First of all, 'Lock' is not a correct term to describe it. 'Affinity' is more suitable term.
In most case, you don't need to care about it. However, in some cases, manually setting CPU/Process/Thread affinity could be beneficial.
Operating systems are usually oblivious to the details of modern multicore architecture. For example, say we have 2-socket quadcore processors, and the processor supports SMT(=HyperThreading). In this case, we have 2 processors, 8 cores, and 16 hardware threads. So, OS will see 16 logical processors. If an OS does not recognize such hierarchy, it is highly likely to loose some performance gains. The reasons are:
Caches: in our example, two different processors (installed on two different sockets) are not sharing any on-chip caches. Say an application has 4 busy-running threads and a lot of data are shared by threads. If an OS schedules the threads across the processors, then we may loose some cache locality, resulting in performance lose. However, the threads are not sharing much data (having distinct working set), then separating to different physical processors would be better by increasing effective cache capacity. Also, more tricky scenario could be happen, which is very hard for OS to aware of.
Resource conflict: let's consider SMT(=HyperThreading) case. SMT shares a lot of important resources of CPU such as caches, TLB, and execution units. Say there are only two busy threads. However, an OS may stupidly schedule these two threads on two logical processors from the same physical core. In such case, a significant resources are contended by two logical threads.

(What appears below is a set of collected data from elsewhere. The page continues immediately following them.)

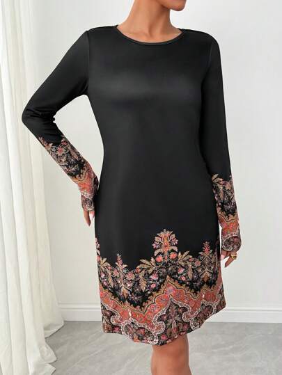 EMERY ROSE Floral Print Fitted Elegant Long Sleeve Sheath Dress - Black - View 1
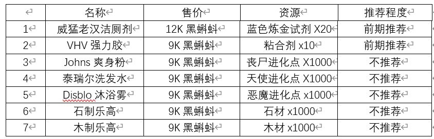 黑心商品,大部分还是不推荐购买的。产出的资源也没啥用,还不如留着准备克隆兵种实在一点。
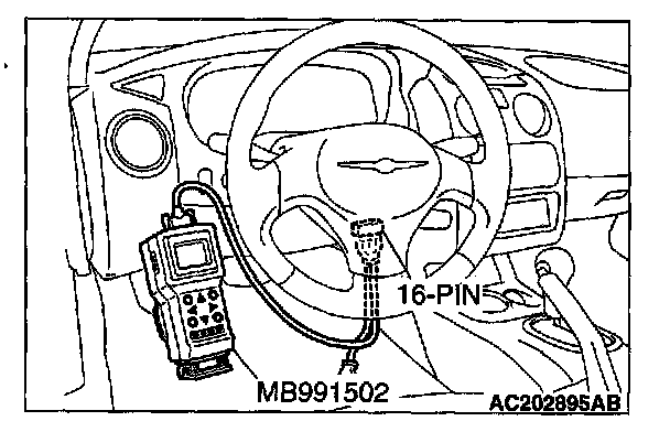 CAUTION : To prevent damage to scan tool MB991502, always turn the ignition switch to the "LOCK" (OFF) position before connecting or disconnecting scan tool MB991502.
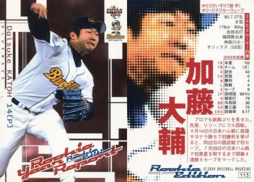 Nombre comercial en japonés: BBM/レギュラーカード/オリックス・ブルーウェーブ/BBM2004 ルーキーエディション 113 [レギュラーカード] : 加藤大輔

One good example is Windows 7. Windows 7 now supports a smart scheduling policy that consider SMT (related article). Windows 7 actually prevents the above 2. case. Here is a snapshot of task manger in Windows 7 with 20% load on Core i7 (quadcore with HyperThreading = 8 logical processors):
The CPU usage history is very interesting, isn't? :) You may see that only a single CPU in pairs is utilized, meaning Windows 7 avoids scheduling two threads on a same core simultaneously as possible. This policy will definitely decrease the negative effects of SMT such as resource conflict.
I'd like to say OS are not very smart to understand modern multicore architecture where a lot of caches, shared last-level cache, SMT, and even NUMA. So, there could be good reasons you may need to manually set CPU/process/thread affinity.
However, I won't say this is really needed. Only when you fully understand your workload patterns and your system architecture, then try it on. And, see the results whether your try is effective.